> _Exercise directions_
Copy every entry exactly as it stands, though any image it holds should stay out of the copy.

> _Information_

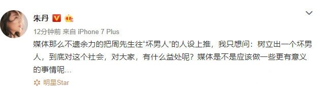 随后,周一围妻子朱丹发文回应此事,称:“媒体那么不遗余力的把周先生往“坏男人”的人设上推,我只想问:树立出一个坏男人,到底对这个社会,对大家,有什么益处呢?媒体是不是应该做一些更有意义的事情呢...”。之后,朱丹删除了此微博。
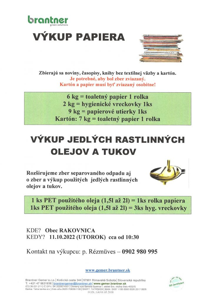 Výkup papiera a jedlých rastl.olejov a tukov – 11.10.2022 – UTOROK – od 10:30
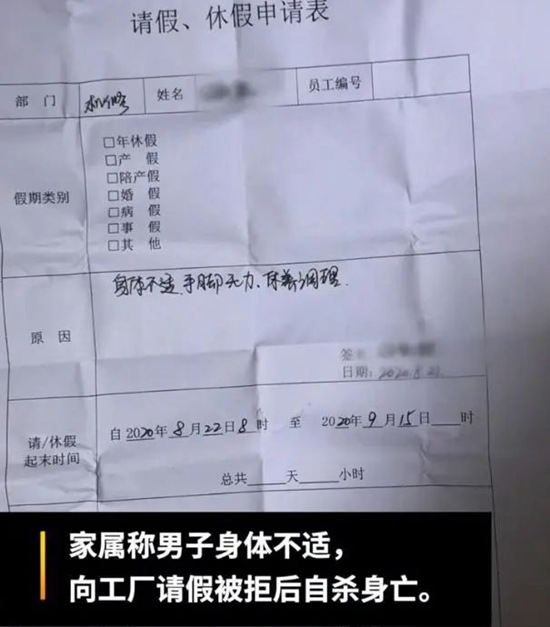 近日,广东一男子身体不舒服向工厂请假,工厂拒绝了请假的诉求,自杀身亡,警方已介入调查。
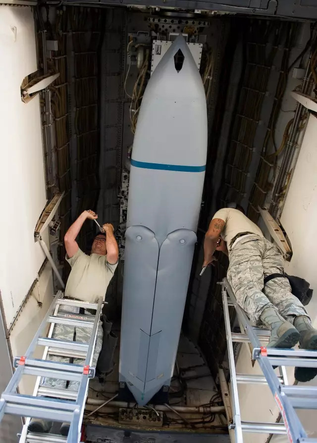 裝在B-1B轟炸機內埋彈艙中的LRASM試驗彈,彈頭下方的黑色窗口為導引頭窗口(美國空軍圖片)
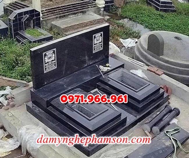 - mẫu mộ ông bà bố mẹ ốp đá granite xanh đen

> _Written response_
 随后,周一围妻子朱丹发文回应此事,称:“媒体那么不遗余力的把周先生往“坏男人”的人设上推,我只想问:树立出一个坏男人,到底对这个社会,对大家,有什么益处呢?媒体是不是应该做一些更有意义的事情呢...”。之后,朱丹删除了此微博。
 Výkup papiera a jedlých rastl.olejov a tukov – 11.10.2022 – UTOROK – od 10:30
 近日,广东一男子身体不舒服向工厂请假,工厂拒绝了请假的诉求,自杀身亡,警方已介入调查。
 裝在B-1B轟炸機內埋彈艙中的LRASM試驗彈,彈頭下方的黑色窗口為導引頭窗口(美國空軍圖片)
 - mẫu mộ ông bà bố mẹ ốp đá granite xanh đen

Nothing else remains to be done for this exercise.